## Directions for this task
The entries below should be given again exactly, minus their pictures.

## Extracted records
>>>>>

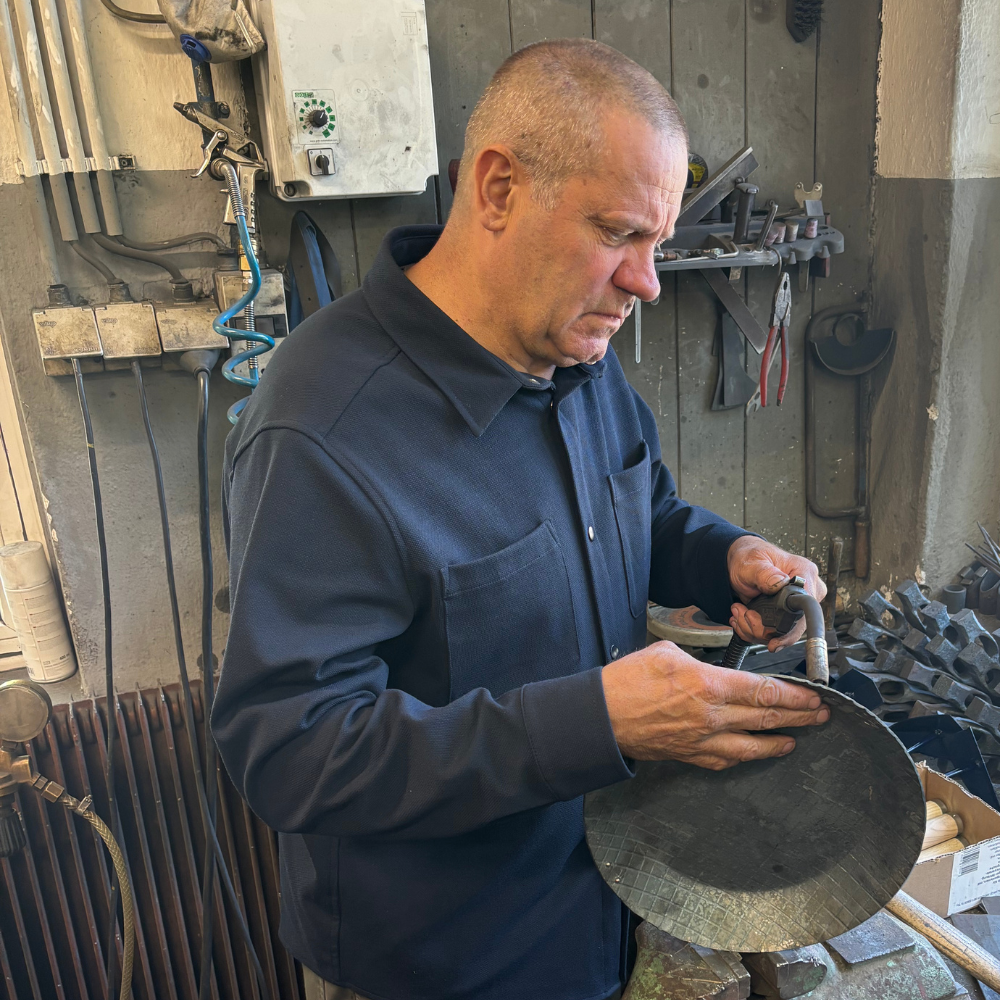 Jede Pfanne, die unseren Online-Shop verlässt, wird in liebevoller Handarbeit von einem unserer Schmiede gefertigt. Durch handwerkliche Fähigkeiten und das spezielle Fertigungs- Verfahren erhalten Elita Eisenpfannen ihre Robustheit und Qualität.
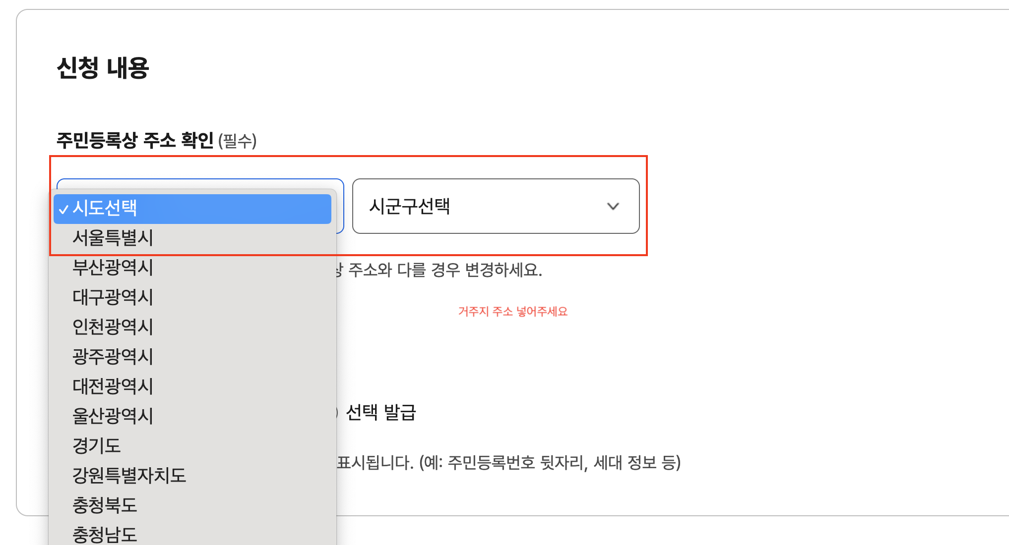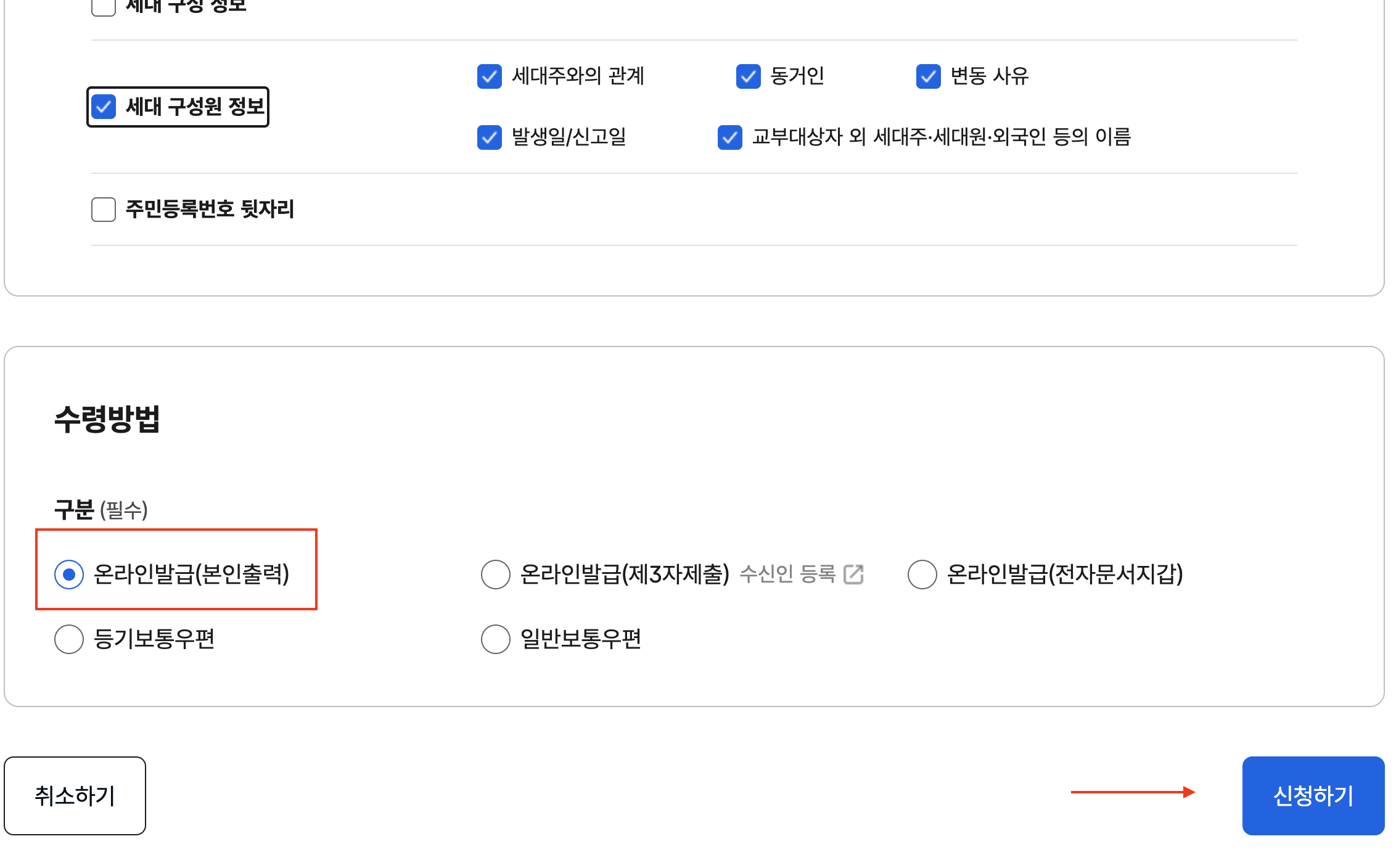 - 다른 사람과 세대를 같이 구성하고 있다면 발급 시 유의하여 세대원 포함 여부 설정
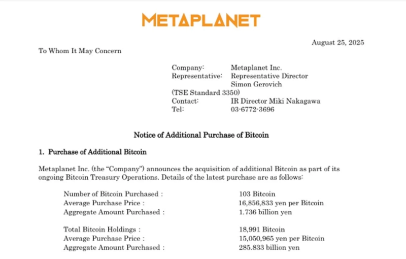 25日(現地時間)、メタプラネットは公式X(旧Twitter)を通じて「ビットコイン103 BTCを平均取得価格16,856,833円で購入した」と発表しました。
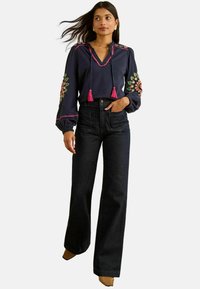 PETITE FIT-EMBROIDERED NOTCH LONG SLEEVE - Langarmshirt - navy heart ric rac
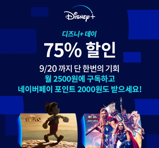 디즈니플러스데이 이벤트를 진행하고 있다. 신규 구독자라면 첫 달 2,500원, 네이버페이 이벤트까지 활용하면 500원에 디즈니플러스를 즐길 수 있다.
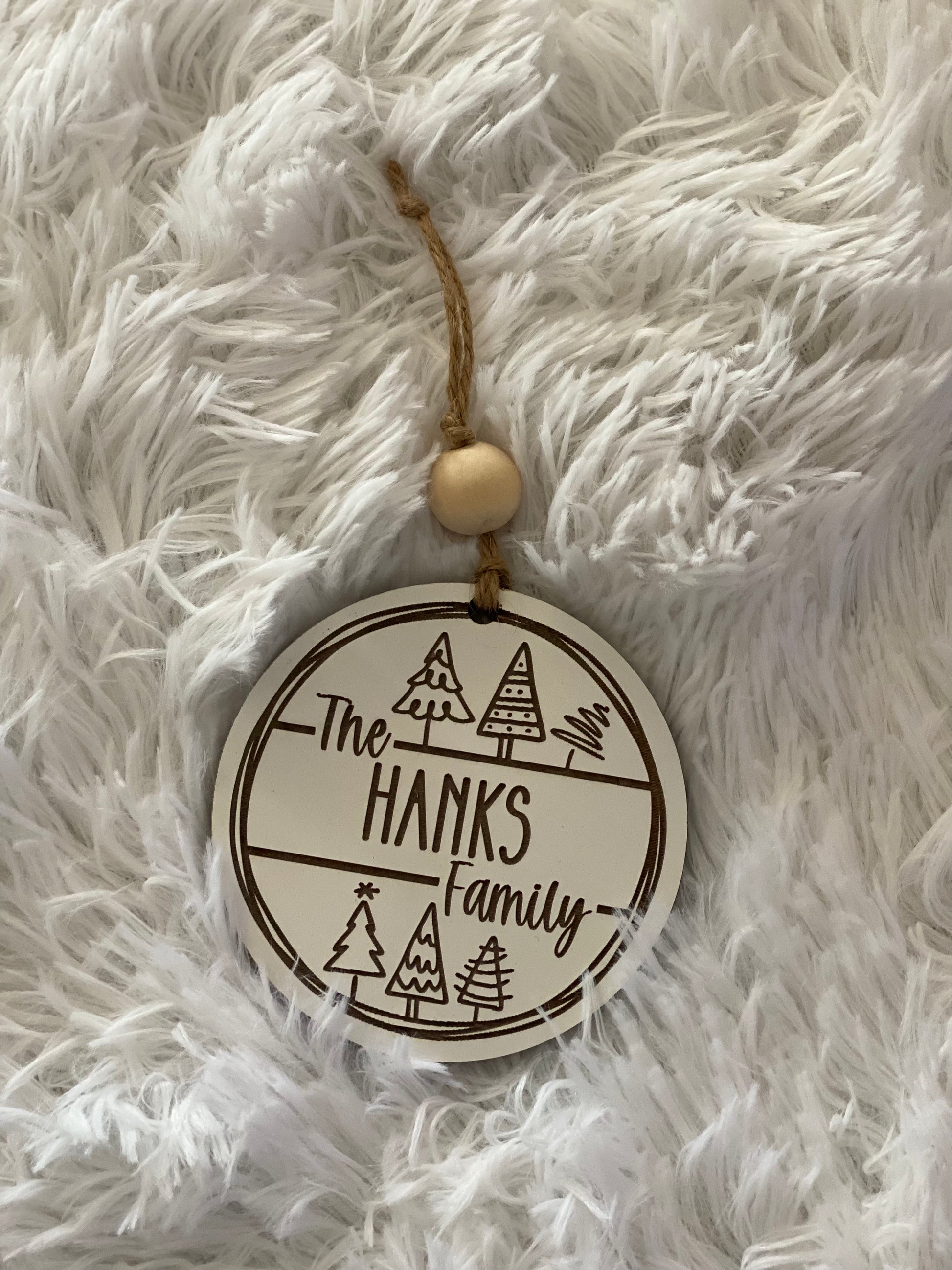 Details: Engraved Family Tree ornament. 4" Round, comes with ribbon for hanging and a wooden bead.
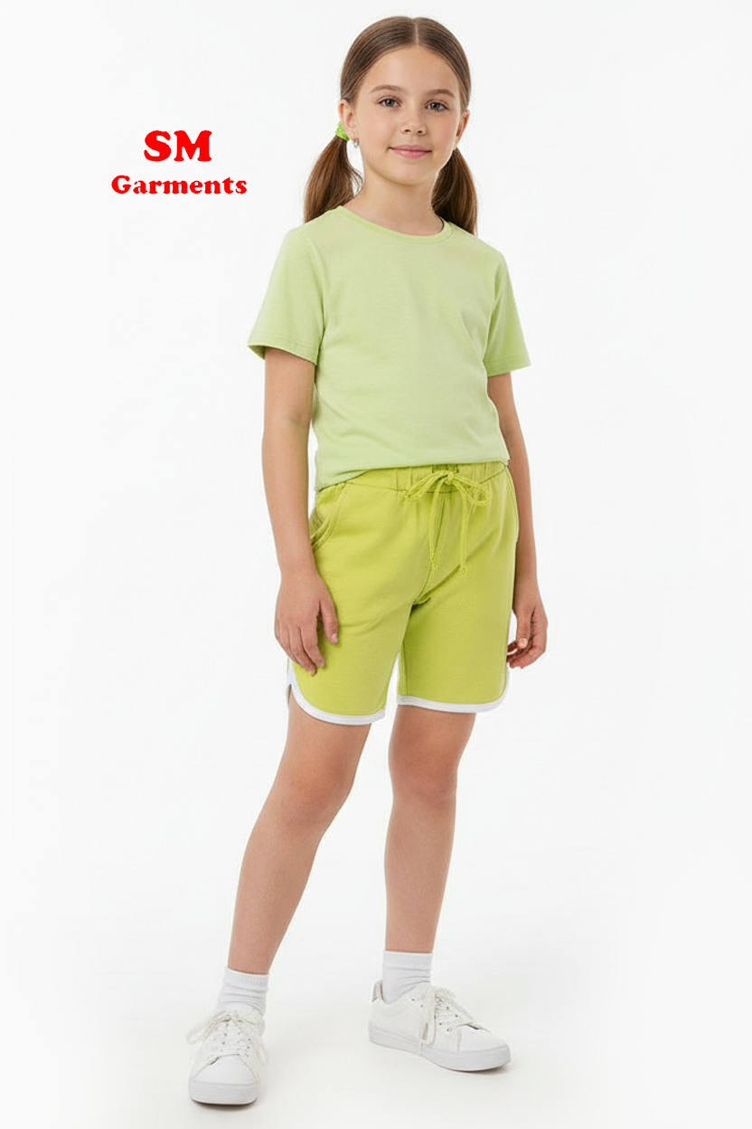 Sports shorts for children in French terry. The garment is in a solid bright green color and has a white finish in the lower part. Model with pockets. Elastic waist with adjustable laces. Soft and comfortable fit perfect for everyday activities. Accessories not for sale. The package contains only the item of clothing.
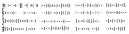 Podcast sound waves. Audio waveforms line icons, sound wave frequency or voice microphone signals. Music, podcast and broadcast, UI and audio branding design. Isolated vector set.
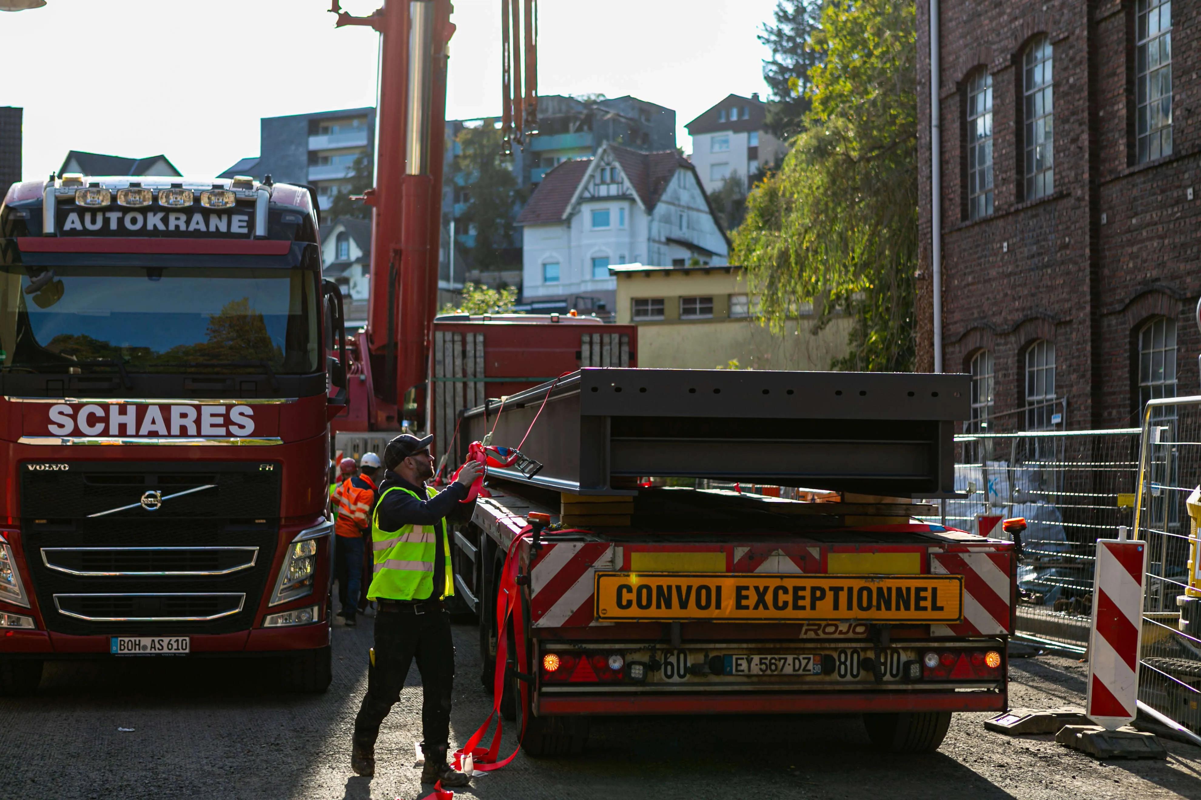 Die Behelfsbrücke wird aus fünf einzelnen Modulen, die im französischen Creil gefertigt und per Tieflader nach Deutschland gebracht wurden, zusammengesetzt. Gegen 10 Uhr in der Früh war das erste Element von einem großen Kran an seinen Bestimmungsort gehoben worden, kurz nach 17.30 Uhr war das letzte an seinem Platz.
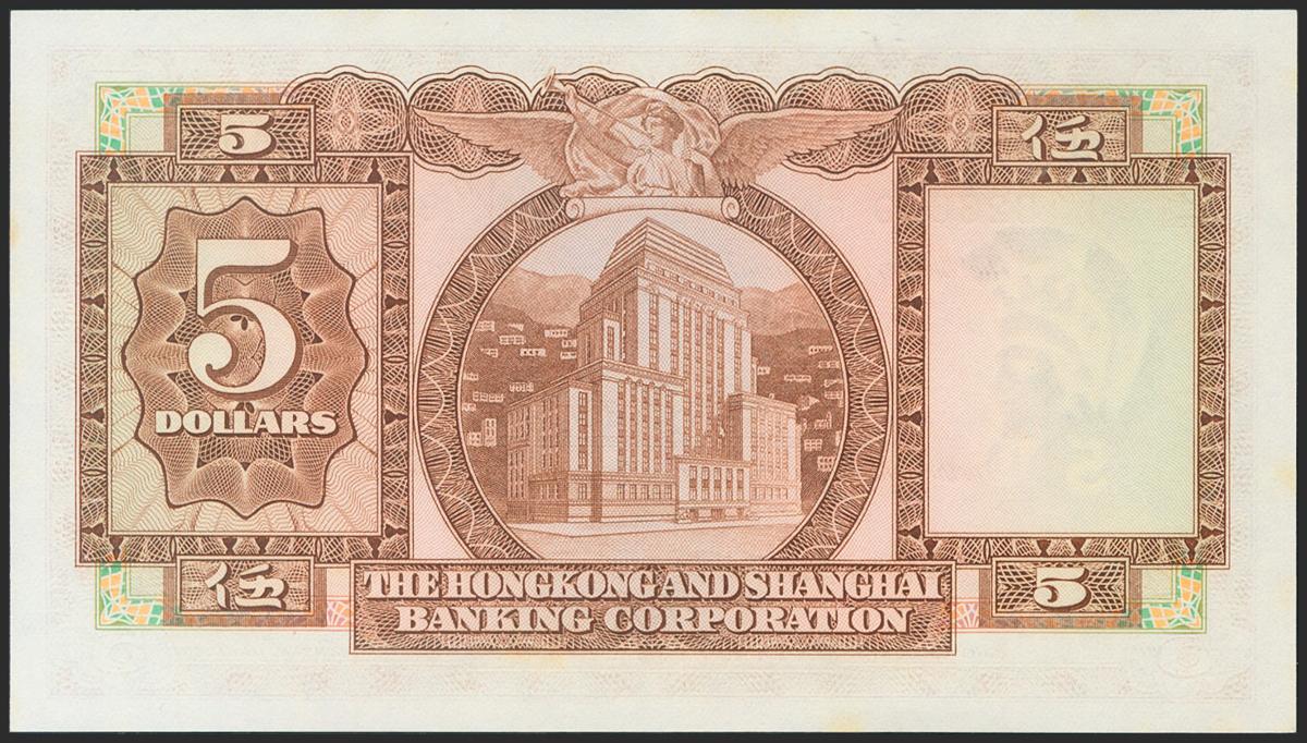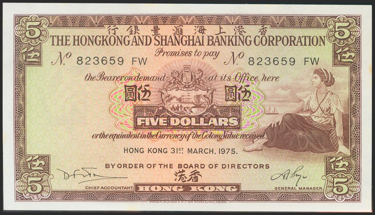 HONG KONG. 5 Dollars. 1975. The Hong Kong and Shanghai Banking Corporation. (Pick: 181f). Uncirculated.

<<<<<

## Solution to this task
 Jede Pfanne, die unseren Online-Shop verlässt, wird in liebevoller Handarbeit von einem unserer Schmiede gefertigt. Durch handwerkliche Fähigkeiten und das spezielle Fertigungs- Verfahren erhalten Elita Eisenpfannen ihre Robustheit und Qualität.
 - 다른 사람과 세대를 같이 구성하고 있다면 발급 시 유의하여 세대원 포함 여부 설정
 25日(現地時間)、メタプラネットは公式X(旧Twitter)を通じて「ビットコイン103 BTCを平均取得価格16,856,833円で購入した」と発表しました。
 PETITE FIT-EMBROIDERED NOTCH LONG SLEEVE - Langarmshirt - navy heart ric rac
 디즈니플러스데이 이벤트를 진행하고 있다. 신규 구독자라면 첫 달 2,500원, 네이버페이 이벤트까지 활용하면 500원에 디즈니플러스를 즐길 수 있다.
 Details: Engraved Family Tree ornament. 4" Round, comes with ribbon for hanging and a wooden bead.
 Sports shorts for children in French terry. The garment is in a solid bright green color and has a white finish in the lower part. Model with pockets. Elastic waist with adjustable laces. Soft and comfortable fit perfect for everyday activities. Accessories not for sale. The package contains only the item of clothing.
 Podcast sound waves. Audio waveforms line icons, sound wave frequency or voice microphone signals. Music, podcast and broadcast, UI and audio branding design. Isolated vector set.
 Die Behelfsbrücke wird aus fünf einzelnen Modulen, die im französischen Creil gefertigt und per Tieflader nach Deutschland gebracht wurden, zusammengesetzt. Gegen 10 Uhr in der Früh war das erste Element von einem großen Kran an seinen Bestimmungsort gehoben worden, kurz nach 17.30 Uhr war das letzte an seinem Platz.
 HONG KONG. 5 Dollars. 1975. The Hong Kong and Shanghai Banking Corporation. (Pick: 181f). Uncirculated.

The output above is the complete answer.